The curators warmly embraced Sheleg, who was appointed treasurer after leading donations in 2019, the same year he was knighted. He leaves his position as treasurer in 2021.
According to the NYT, Sheleg has been flagged in the past for meetings with Russian officials or figures with suspected ties to Russian organized crime, despite frayed ties between Moscow and London. The newspaper noted that Russia-related donations increased while he was the top fundraiser.
Sheleg’s brother, Ran Sheleg, was a partner in an Israeli company trading binary options, a largely fraudulent investment vehicle now banned in Israel. Certain sectors of the industry were considered to have links with alleged Russian criminal enterprises.

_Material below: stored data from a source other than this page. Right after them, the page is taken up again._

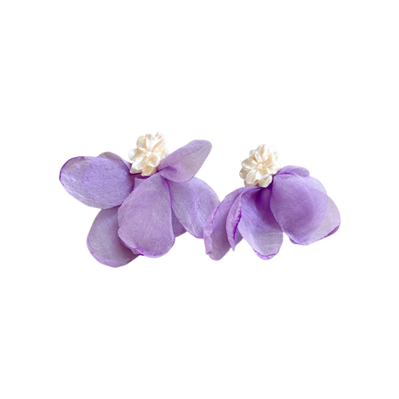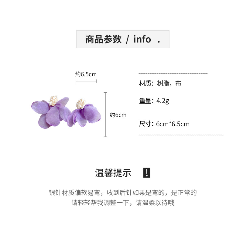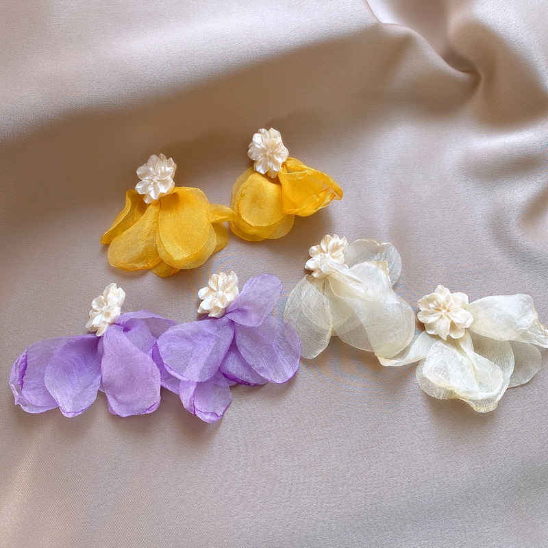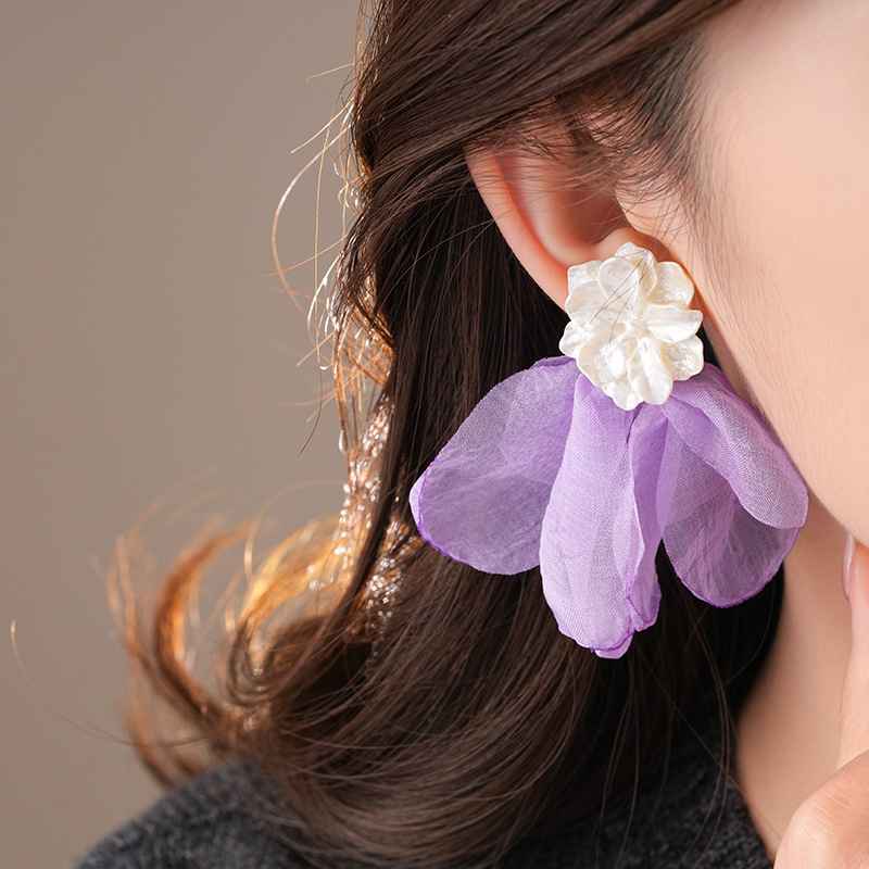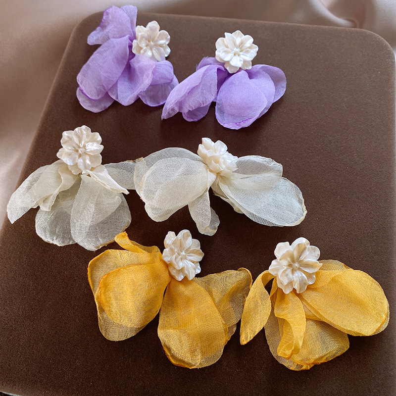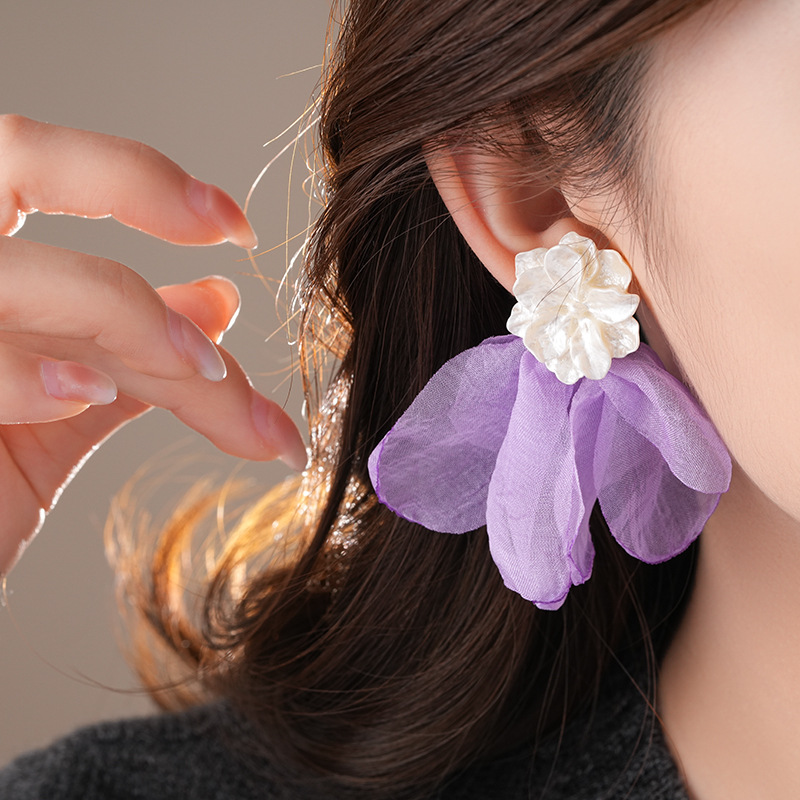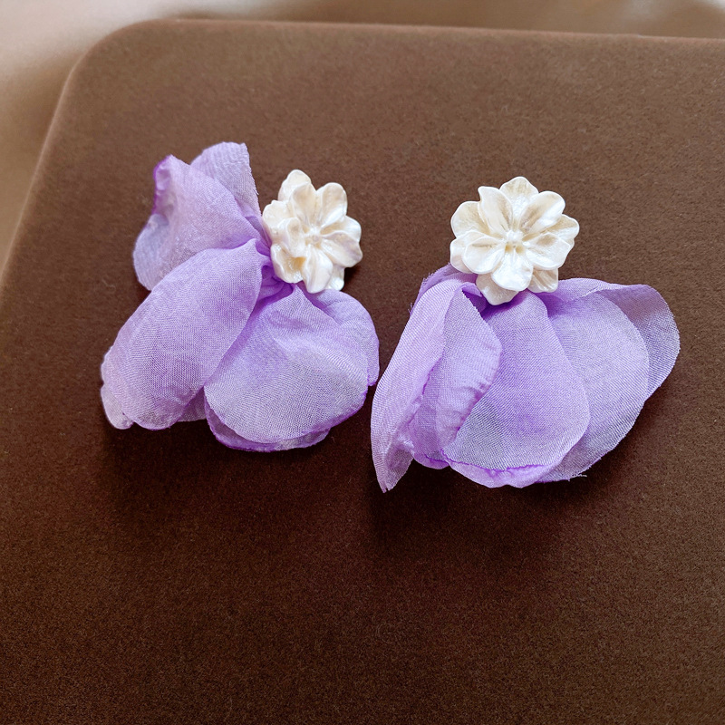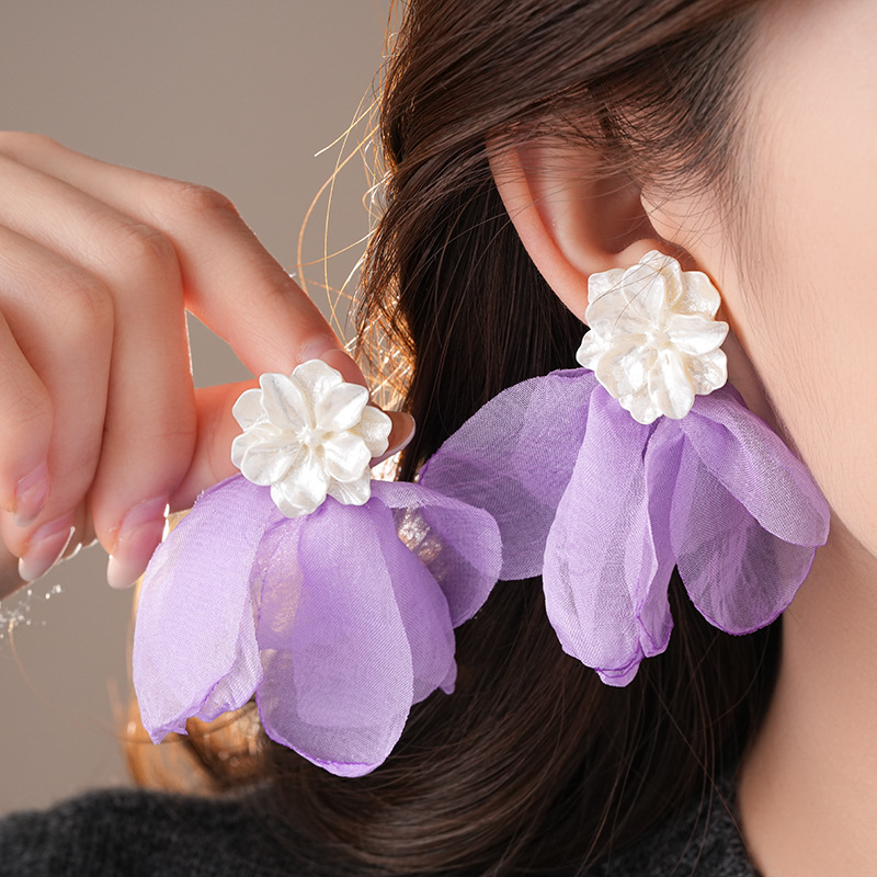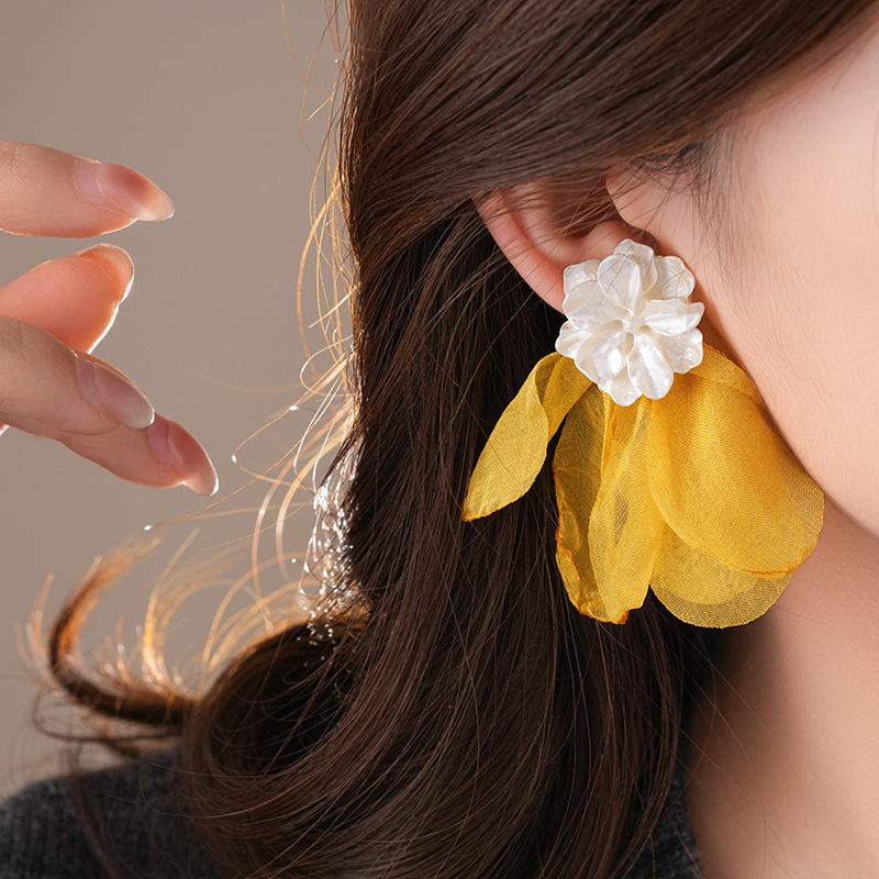 银针度假风网纱布艺花朵耳钉甜美精致耳环小清新高级感耳饰批发女
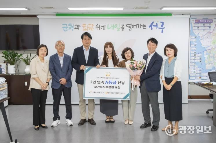 광장일보 주재영 기자 | 인천 서구는 서구치매안심센터가 지난해에 연이어 2025년 2주기 치매안심센터 운영평가에서 전국 상위 10%에 해당하는 ‘A등급’ 기관으로 선정되어, 지난 23일 ‘인천치매극복의 날 기념행사’에서 보건복지부장관 표창을 받았다고 밝혔다.
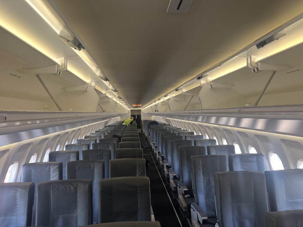 The 2-3 seating layout offers more space per passenger than a 737 or A320, and the seats — though simple — are comfortable for short and medium-haul flights. The aircraft’s age shows only in its retro styling; maintenance standards are immaculate.

Ran Sheleg, who is also a beneficiary of the family trust and listed as an officer of his brother’s Halcyon Gallery, denied involvement in any fraudulent activity. He told a 2019 survey that the binary options company had been a failure.
Bank alerts, known as suspicious activity reports in the United States, are notices that financial institutions file with law enforcement agencies if they report potentially suspicious activity, are generally kept confidential. . The NYT did not say how it obtained the Barclays report.
In 2020, more than 2,500 suspicious activity reports filed with the US Treasury Department were leaked to Buzzfeed and the International Consortium of Investigative Journalists, containing alerts from 90 banks, including Barclays.